Originally posted by @David Crumley:
I appreciate all of the comments and advice. Some very good points. A few mentioned using leverage, and I certainly agree. I purchased this first condo with cash, as it was an off market deal I could get at a good price if acting fast. My strategy initially is to use cash to buy (instead of short term loans), and then after fixing up and getting rented, would refi and take out cash, and roll into more deals. Based on all of my research, podcast, books, etc, I gravitate towards buy and hold, as it gives cash flow and a tangible equity down the road. But, as mentioned earlier, I started also delving into other ideas (notes/tax liens) as I wasn't sure that I could find the return rates needed to hit my goal with just buy rentals. All that being said, still need it to be relatively passive until I hit my goal!
That is the BRRR method and works well. Even better if you have a lot of cash up front.

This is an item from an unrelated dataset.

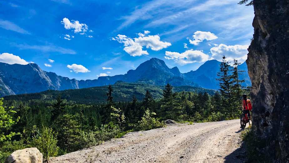Die Originalroute führt nochmals ca. 700 m bergauf durch den Rumitzgraben, links unterhalb des Hochlacken geht die Route rund um den Fahrnaugupf mit wunderbaren Ausblicken über den Traunsee. Nach etwa 13,7 km besteht die Möglichkeit auf einen Einkehrschwung auf der Hochsteinalm, ansonsten geht's weiter bis zur nächsten Kreuzung. Nach rund 100 m, die man gerade bergauf quert, um nach 1,9 km die Forststraße steil nach links oben auf einem Uphill Trail (861 hm, km 54,3, Schiebehilfe benützen) zu verlassen. Dieser Abschnitt ist deutlich einfacher als am Offensee und auch deutlich kürzer. Wer kann, fährt die 200 m und 55 hm bergauf, um oben angelangt den Pfad nach links unten zu wählen, welcher nach 700 m wieder nach rechts in die Forststraße einmündet.

I know you mention $120k/yr but there are a lot of variables here. I'm thinking there's a chance you're using this number because it's what you make at your day job. If this is the case:
1. $120k/yr at a W2 job is probably more like $84k-$90k/yr after taxes. With the way depreciation works with buy and hold, a LOT of your cashflow will be tax free, so realistically you may only need to be at $100k rental cash flow to be comparable to your current $84k/yr post-tax earnings.
2. The numbers discussed do not include mortgage pay down. If you're leveraged and making $100k cash flow, you might be paying down $50k-$75k/yr on your mortgage, which is really a profit you are making also you just do not get it until you sell/refi.